2000. Desenho original da colecção de
arte erótica «a funda São» |
Mil vezes me apaixonei, mas apenas três amei verdadeiramente.
A paixão surge inesperada, quase violenta, irracional, sem conceder tempo a amadurecer e estabilizar o sentimento que lhe subjaz.
O amor é o diamante que o fogo da paixão não consumiu , depois desta se esvair em chamas.
O amor, quando existe, incombustível, perdura ao longo dos tempos, lapidado ou não, inesquecível para todo o sempre.
O ciúme, essa verdadeira doença, é comum à paixão e ao amor, mas vai esfriando com a solidificação da confiança.
Estou a passar por um momento em que ainda não sou capaz de aquilatar se o que sinto é paixão fugaz ou se já é amor duradouro.
O que sei é que o ciúme me morde, me deixa inquieto, inseguro, doente...
Hoje, como tem acontecido desde há uns tempos, voltei a beber a bica na esplanada do Café Central no centro da Ericeira. Como sempre, sentei-me no canto mais próximo da porta, ao lado dela, onde já estava, esperando a minha vinda...
Sorri-lhe. Pedi-lhe que me guardasse o Diário de Noticias que tinha acabado de comprar na tabacaria do outro lado do largo.

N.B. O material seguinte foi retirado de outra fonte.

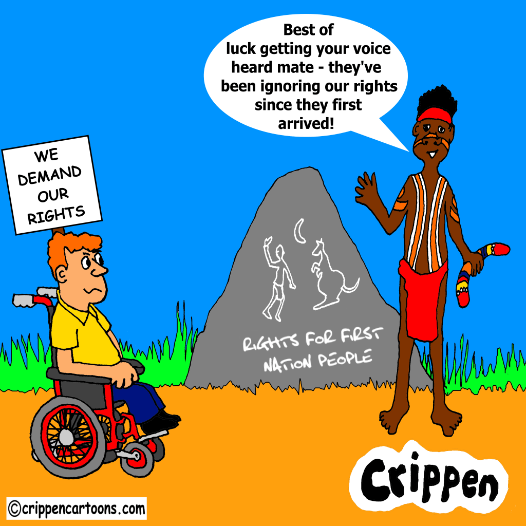 A white wheelchair user with a placard saying ‘we demand our rights’ is sat facing an Australian First Nation person. This person is stood next to a large rock on which is carved First Nation art and the slogan ‘rights for First Nation people’. He is wearing a red headband and loin cloth, carrying a boomerang and also wears traditional body paint. He is saying to the disabled man: “Best of luck getting your voice heard mate – they’ve been ignoring our rights since they first arrived!”

Simpática como sempre, permitiu que lhe colocasse o jornal no colo.
Ao fazê-lo, rocei a mão no seu braço sentindo uma intimidade que ambos disfarçávamos tentando ocultá-la dos olhares do Mário Lino que nos observava, acabado de chegar como quase todos os dias acontece àquela hora.
Cumprimentou-me, dissemos umas quantas banalidades sobre o tempo e ele perguntou-me delicadamente se eu não me importava que ele se sentasse ao colo dela, visto que a esplanada estava cheia.
Apanhado pela inesperada pergunta, só me ocorreu dizer-lhe:
- Desde que ela não se importe, murmurei...
Mais de ouvir do que falar, ela pareceu assentir, ajeitar-se e ele sentou-se ao colo dela, agradecendo-me.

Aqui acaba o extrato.